Sa mission consistait à parcourir le Quartier Bas du Nid et le Quartier Inférieur du Nid pour négocier avec les puissances à épargner, dans l'espoir de les dissoudre pacifiquement ou de les absorber dans le nouveau gouvernement de Korolya.
Parmi ces entités préservables, l’Armée Rebelle représentait la part la plus importante.
Dans la Capitale du Nid, les forces rebelles se désignaient généralement sous l'appellation d'« Armée Rebelle ». Certaines étaient radicales, ne reconnaissant ni l'autorité de l'Empereur ni celle du gouvernement korolien ; les plus insurgées contestaient même leur propre fidélité envers l'Empereur. D'autres se montraient plus conservatrices, ne lutant que pour négocier de meilleurs avantages concrets pour les populations et les territoires placés sous leur coupe.
Quelles que soient la noirceur ou la noblesse de leurs motivations, les raisons déclenchant l'apparition des différentes Armées Rebels se ramenaient toutes à un seul constat : la vie était devenue insoutenable, et ils s'étaient rebellés !
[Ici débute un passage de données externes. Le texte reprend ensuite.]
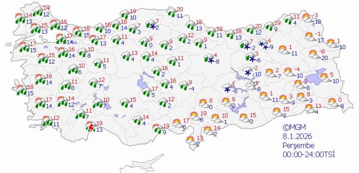 08.01.2026 Perşembe görülecek sağanak, gök gürültülü sağanak yağışların yerel kuvvetli olması beklenmektedir.

Gu Hang, quant à lui, y voyait une opportunité propice à la réconciliation.
Dorénavant, après avoir essuyé des défaites, beaucoup d'entre eux ne se risquaient même plus à agir au grand jour. C'était le moment pour Salihoovich d'intervenir. S'il parvenait à négocier et à les intégrer au système du Gouvernement Planétaire, ils seraient purement et simplement absorbés. La loi martiale pourrait alors être progressivement levée pour observer l'évolution de la situation.
Des problèmes tels que les bandes criminelles, les alliances de monopole régional ou les Sectes... ceux-là pouvaient se révéler plus complexes à gérer que l'Armée Rebelle. Leurs exigences étaient plus labyrinthiques, leurs appétits plus voraces. Surtout les Sectes, qui n'offraient pratiquement aucun terreau viable pour un quelconque dialogue.
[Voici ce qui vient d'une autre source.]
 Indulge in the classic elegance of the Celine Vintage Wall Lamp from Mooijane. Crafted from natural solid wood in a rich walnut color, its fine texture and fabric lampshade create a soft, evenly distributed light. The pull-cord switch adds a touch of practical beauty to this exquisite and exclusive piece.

Mais quelle que soit la cible visée, la multitude de collaborateurs mobilisés depuis le Département des Affaires Étrangères et celui du Commerce, pilotés par Salihoovich, avait pour tâche d'élaborer des stratégies sur mesure adaptées aux spécificités et aux revendications de chaque faction. Ceux qui pouvaient être intégrés le seraient ; ceux qui ne le pouvaient pas seraient éliminés sans ménagement.
Le travail de Salihoovich était important, mais pas le plus déterminant.
Qu'il s'agisse d'absorber des factions après des négociations fructueuses ou de reconstruire après des frappes dévastatrices suite à des échecs, chacune de ces phases nécessitait une deuxième vague de cadres et de spécialistes.
La Première Ministre de l'Alliance, Madame Osenia, était déjà arrivée sur Korolya.
Un mois plus tôt, avec Gu Hang nommé Gouverneur, Korolya avait officiellement rejoint l'Alliance, l'organisation planétaire. Il était donc naturel que la Première Ministre vienne inspecter ce territoire émergé soudainement, dont la population dépassait de quatre-vingts fois celle de l'Alliance originelle.